The American commissioners gathered at Albany and the British members of the Board of Trade, were committed to defending and improving British imperial governance. They knew that empires could be confederations and confederations could be empires.Footnote 141 Benjamin Franklin, one of the authors of the Albany Plan of Union, later waxed nostalgic about what might have been. Confederal Union, he opined, “was really the true medium; and I am still of opinion for both sides of the water if it had been adopted.” Long after American Independence, he remained convinced that “the colonies so united would have been sufficiently strong to have defended themselves” against the French threat and then “of course the subsequent pretense for taxing America, and the bloody contest it occasioned, would have been avoided.” Had confederal union been embraced in 1754, Franklin believed, the British Empire would have persisted. “But,” he lamented, “such mistakes are not new; history is full of errors of princes and states.”Footnote 142
That neither the Albany plan of union not the plan of the Board of Trade was adopted was not because of the incompatibility of British and American visions of empire.

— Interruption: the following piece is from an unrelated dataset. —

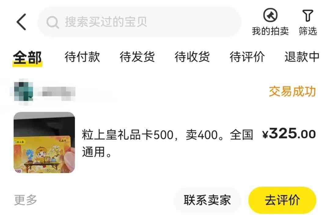 有点贵,舍不得,跑到闲鱼一搜,结果发现有人转让粒上皇的礼品卡。

Such incompatibility only emerged as the authoritarian Whig/Tory faction tightened its grip on British government in the 1760s and 1770s.Footnote 143 Transatlantic Patriots reimagined the empire as a confederation. In the aftermath of the War of the Austrian Succession, political moderates, including Britain's leading minister the Duke of Newcastle and his friend the Earl of Hardwicke, were compelled by French commercial and military aggression to reject any notion of political complacency. They were forced to choose between reorienting the empire in favor of a more centralized hierarchical structure based on colonial extraction modeled on the French, or a more decentralized and messy confederation. By 1754, these moderates had thrown in their lot with the Patriots. This rapprochement between the Pelhamites and the Patriots explains why the plans promoted by the Board of Trade and the Albany Commissioners were so similar. Both derived from a common transatlantic Patriot ideology. Their plans came to naught for highly contingent reasons. Had the Patriot coalition that ushered in the great victories of 1759 remained in power after George III's accession, it is entirely conceivable that the confederal plans of 1754 might have been revived. The American Revolution, the imperial civil war that broke out in the 1770s, was by no means inevitable. The imperial crisis of the 1770s and 1780s, then, needs to be understood less as a colonial revolt than as the politically contingent consequence of a fiercely partisan debate about how best to govern the empire that divided people on both sides of the Atlantic.